Will finished his call and walked toward her. He glanced at the empty desk where the secretary had been. The woman had left to get Morgan Hollister at least ten minutes ago. Faith had images of the pair of them furiously shredding files, though it was more likely that the woman, a bottle blonde who seemed to have trouble processing even the smallest request, had simply forgotten about them and was on her cell phone in the bathroom.

Faith asked, "Who were you talking to?"

"Amanda," he told her, taking a couple of candies out of the bowl on the coffee table. "She called to apologize."

Faith laughed at the joke, and he joined her.

Will took some more candy, offering the bowl to Faith. She shook her head, and he continued, "She's doing another press conference this afternoon. Joelyn Zabel's dropping her lawsuit against the city."

"What prompted that?"

"Her lawyer realized they didn't have a case. Don't worry, she's going to be on the cover of some magazine next week, and the week after, she's going to be threatening to sue us again because we haven't found her sister's killer."

It was the first time either of them had voiced their real fear in all of this: that the killer was good enough to get away with his crimes.
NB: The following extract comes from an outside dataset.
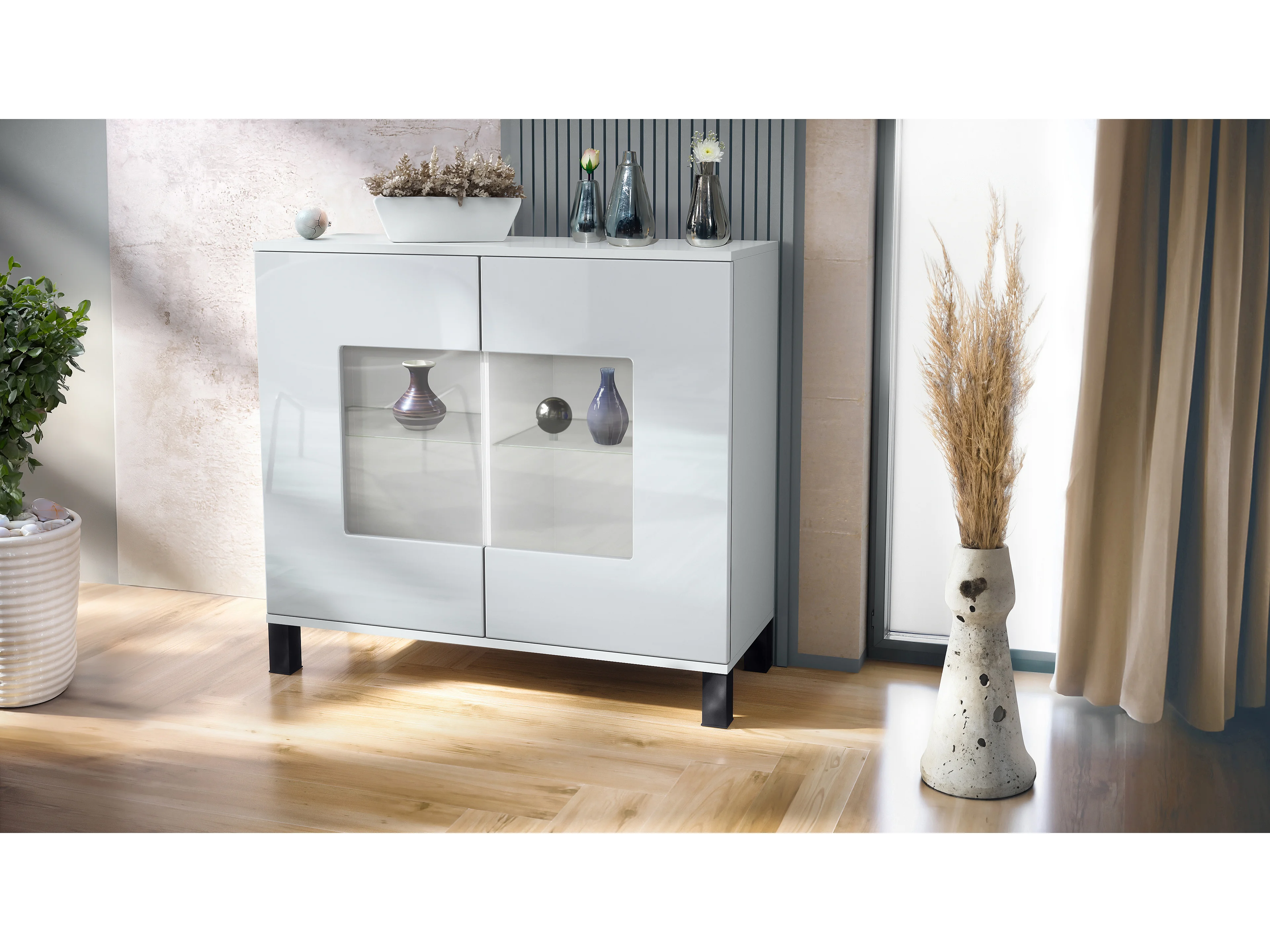 Cómoda Grömitz V3, Moderno armario de cocina con 2 grandes puertas de cristal blanco mate / blanco de alto brillo (92,5 x 84.5 x 35)

Will indicated the closed door behind the desk. "You think we should just go back?"

"Give it another minute." She tried to wipe away her forehead print on the window, making the smear worse. The momentum of the tension between them had somehow shifted in the ride over, so that Will was no longer worried about Faith being mad at him. It was now Faith's turn to be worried that she'd upset him.